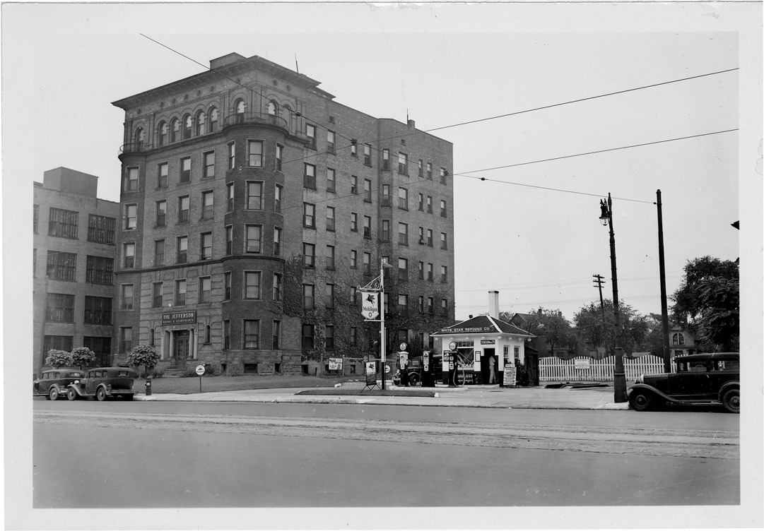 View of Mobilgas station number 75 with hipped roof located at 3383 E. Jefferson in Detroit, Michigan. Three gas pumps in front of station; signs on building: "White Star Refining Co., Station no. 75." Mobilgas sign with flying horse symbol in front of station. Station is adjacent to multistory brick apartment building; sign over entrance: "The Jefferson, rooms & apartments."
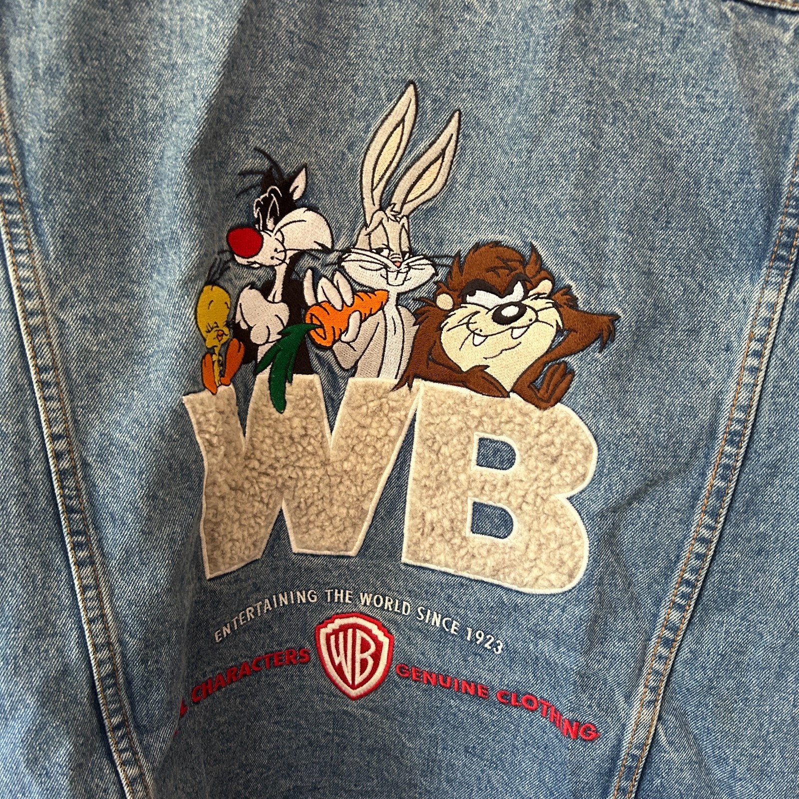 Warner Bros Looney Tunes Denim Jacket Womens Large Sherpa Collar Embroidered VTG
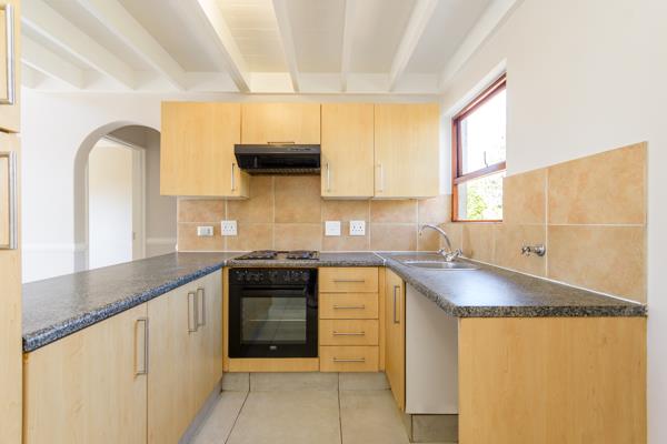 The charming kitchen greets you with a cozy breakfast bar, generous built-in cupboards, space for a single under-counter appliance, and a single-door fridge. Outfitted with a four-plate electric stove, extractor, and a built-in oven, this kitchen is designed to make meal prep smooth and enjoyable.
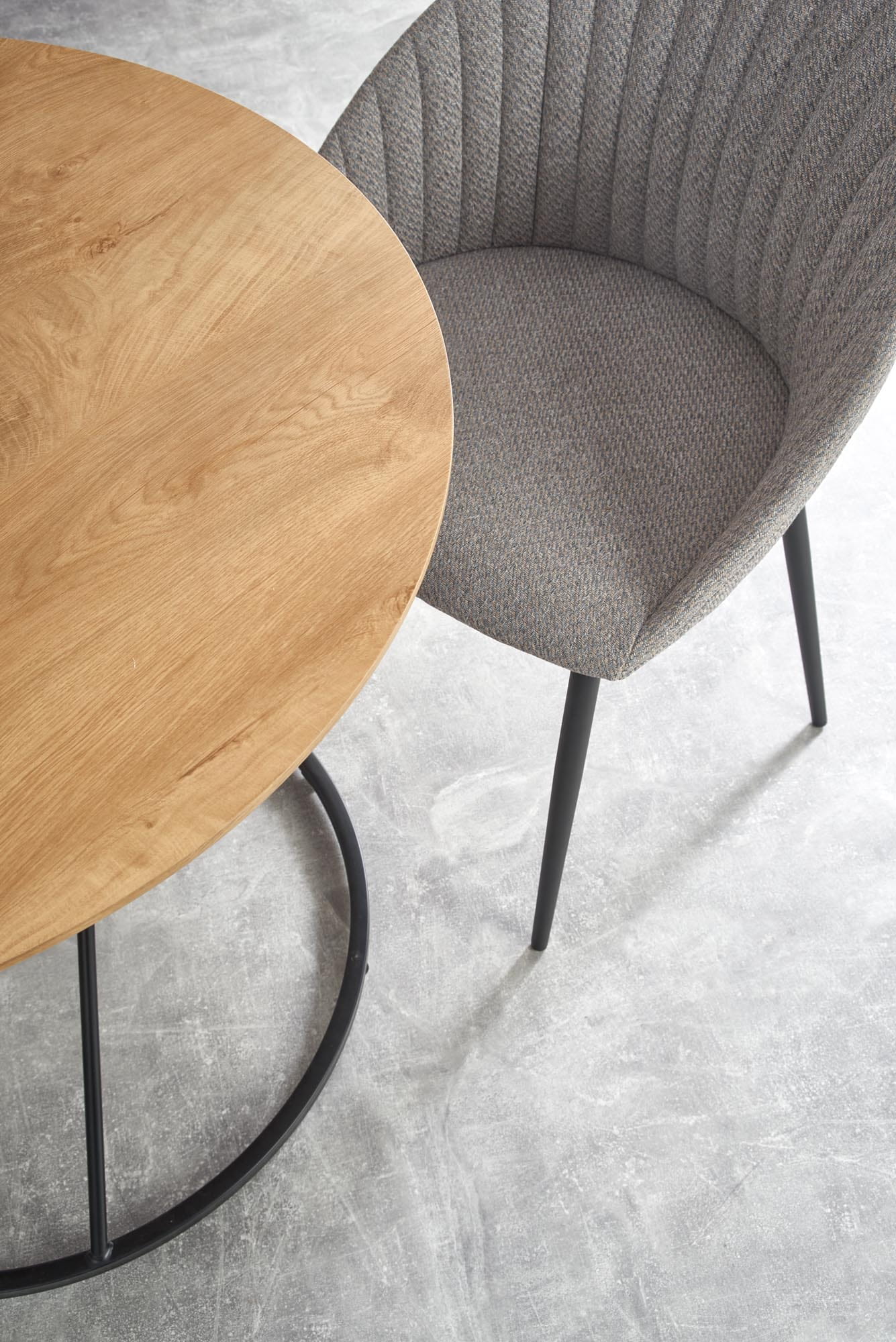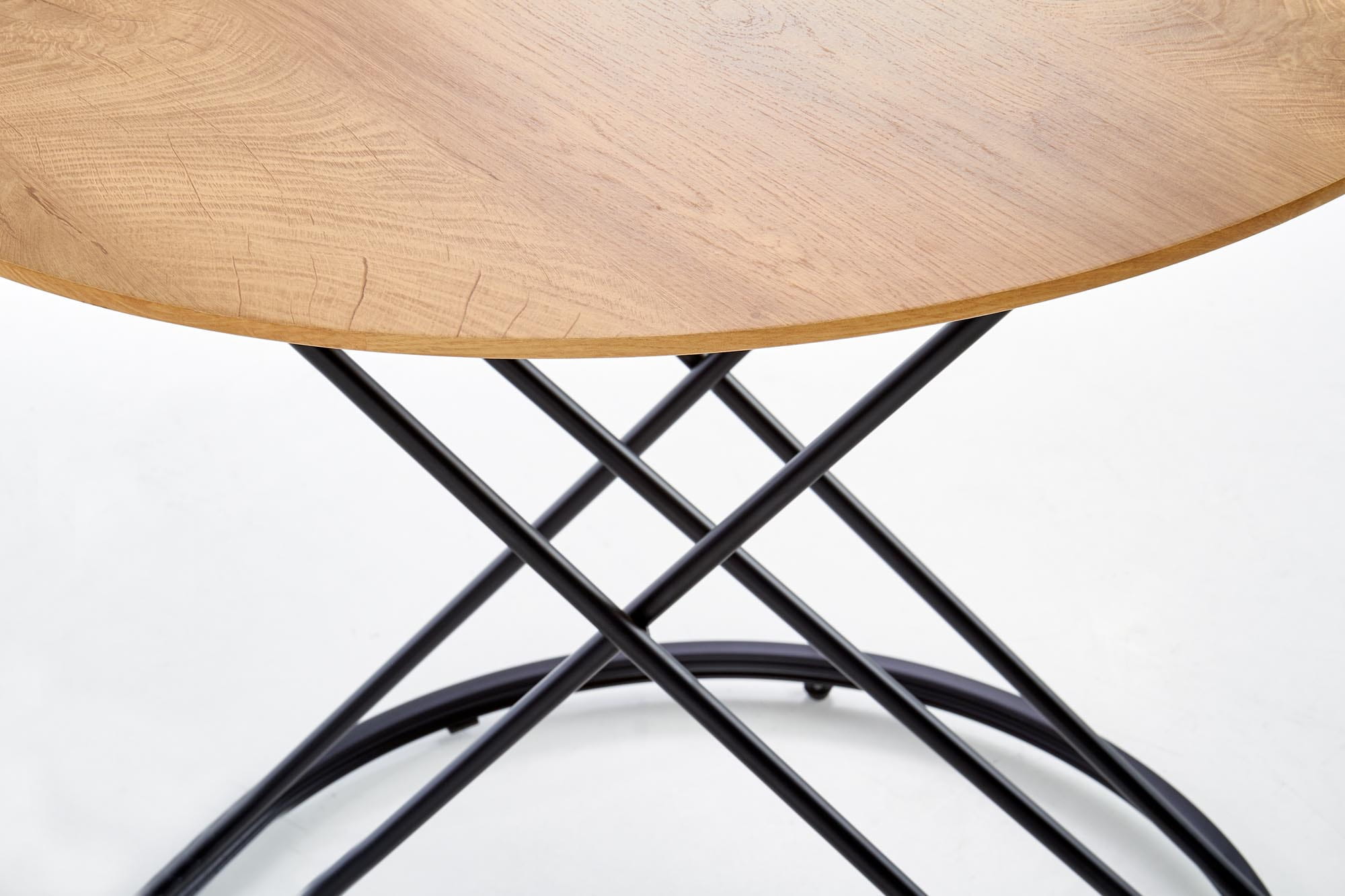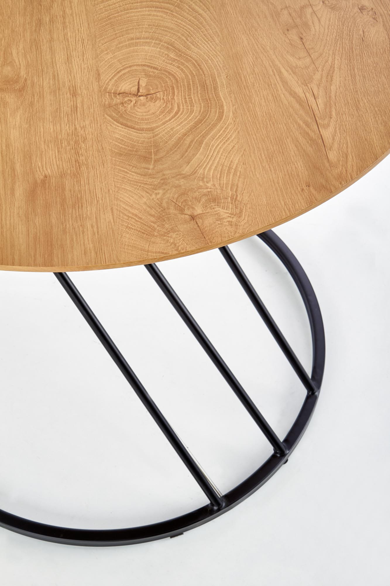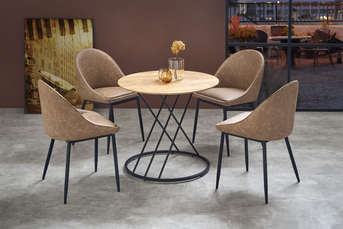 wymiary: o80/72 cm, materiał: MDF okleinowany / stal malowana proszkowo, kolor: blat - dąb naturalny, nogi - czarny
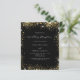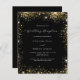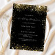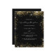En modern mottagningsinbjudan från elegant bröllop. Svart bakgrund dekorerad med faux guld glitter-gnistor. Anpassa och lägg till information om namn och bröllop. Vit färgad brev. 1 lakan = 1 inbjudan tryckt kant till kant.
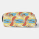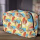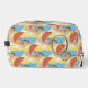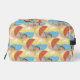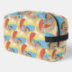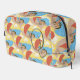 Beach chair and umbrella artwork pattern toiletry bag with single initial template for personalizing. Gift to bridesmaids, or anyone who loves the beach. Warm, earthy colors on this makeup bag with a repeating pattern and summer vibe that reminds one of a summer day by the sea. Colors are blue, beige, yellow and off-white and cover all areas of this bag with a zipper. Size is 9x8x4 - see description for more info. The pattern will transfer to other bag styles, but the initial template may be off and need to be removed.
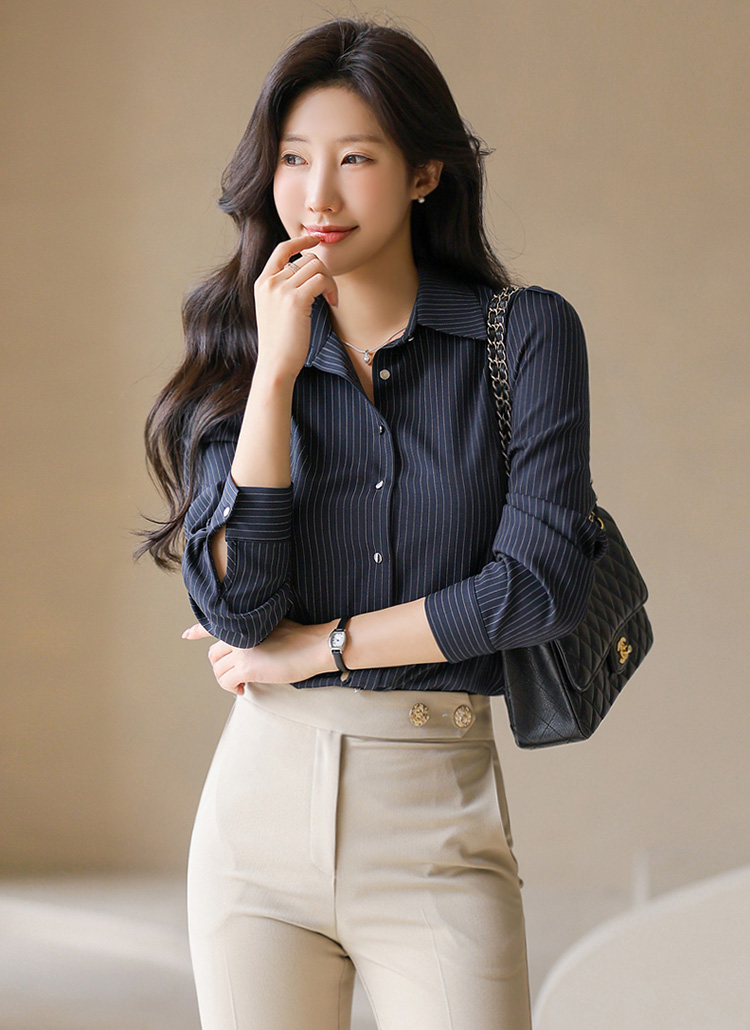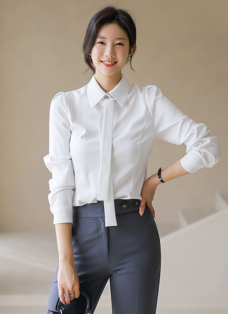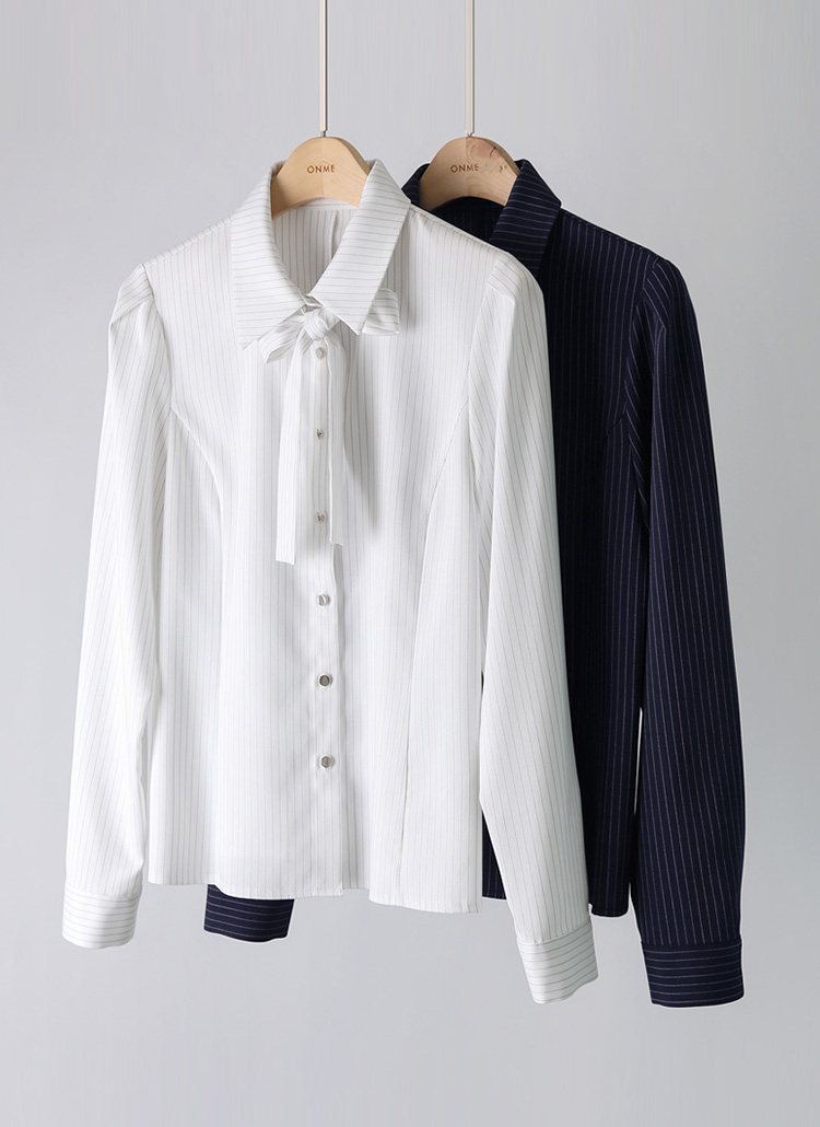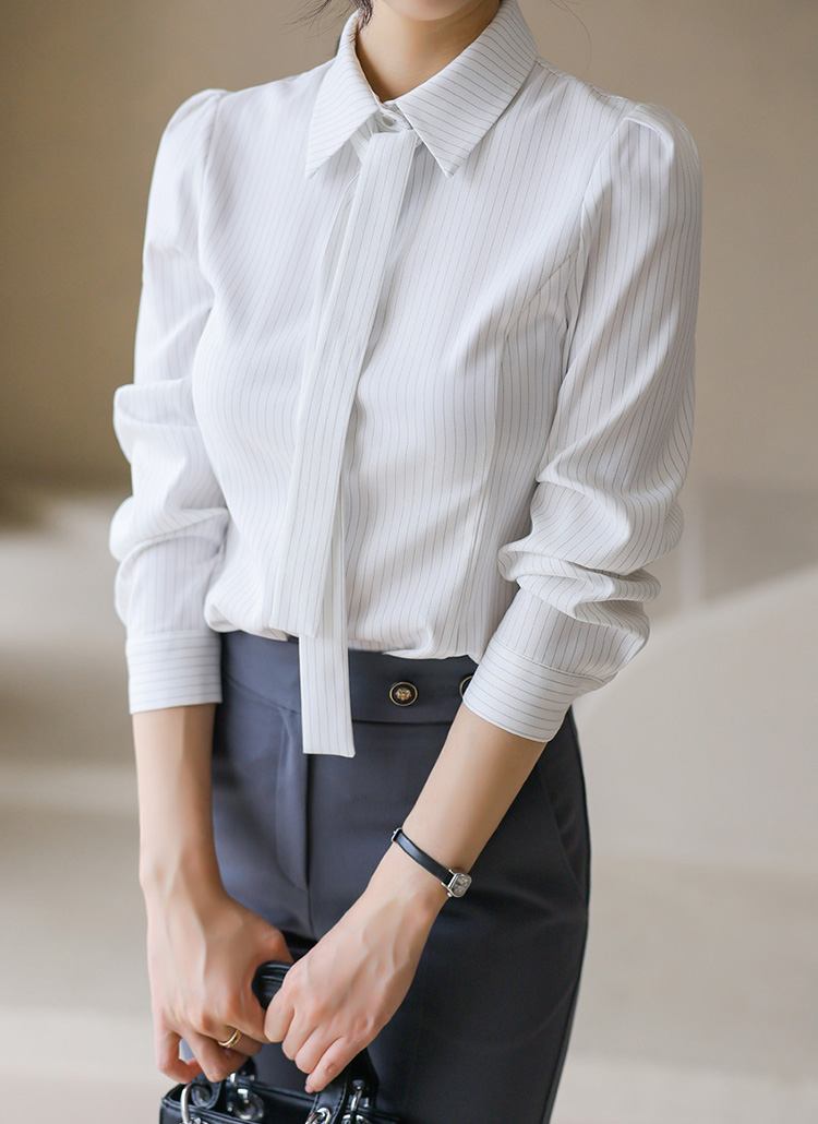 [Designed with princess seams for a flattering fit, this slim pinstripe blouse comes with a detachable ribbon tie for smart layering.]

* **Exercise goal**: Keep the pictures out and repeat exactly the lines from the beginning of the data through the line that contains "En modern mottagningsinbjudan", both ends included.

* **Solution to the problem**:
 View of Mobilgas station number 75 with hipped roof located at 3383 E. Jefferson in Detroit, Michigan. Three gas pumps in front of station; signs on building: "White Star Refining Co., Station no. 75." Mobilgas sign with flying horse symbol in front of station. Station is adjacent to multistory brick apartment building; sign over entrance: "The Jefferson, rooms & apartments."
 Warner Bros Looney Tunes Denim Jacket Womens Large Sherpa Collar Embroidered VTG
 The charming kitchen greets you with a cozy breakfast bar, generous built-in cupboards, space for a single under-counter appliance, and a single-door fridge. Outfitted with a four-plate electric stove, extractor, and a built-in oven, this kitchen is designed to make meal prep smooth and enjoyable.
 wymiary: o80/72 cm, materiał: MDF okleinowany / stal malowana proszkowo, kolor: blat - dąb naturalny, nogi - czarny
En modern mottagningsinbjudan från elegant bröllop. Svart bakgrund dekorerad med faux guld glitter-gnistor. Anpassa och lägg till information om namn och bröllop. Vit färgad brev. 1 lakan = 1 inbjudan tryckt kant till kant.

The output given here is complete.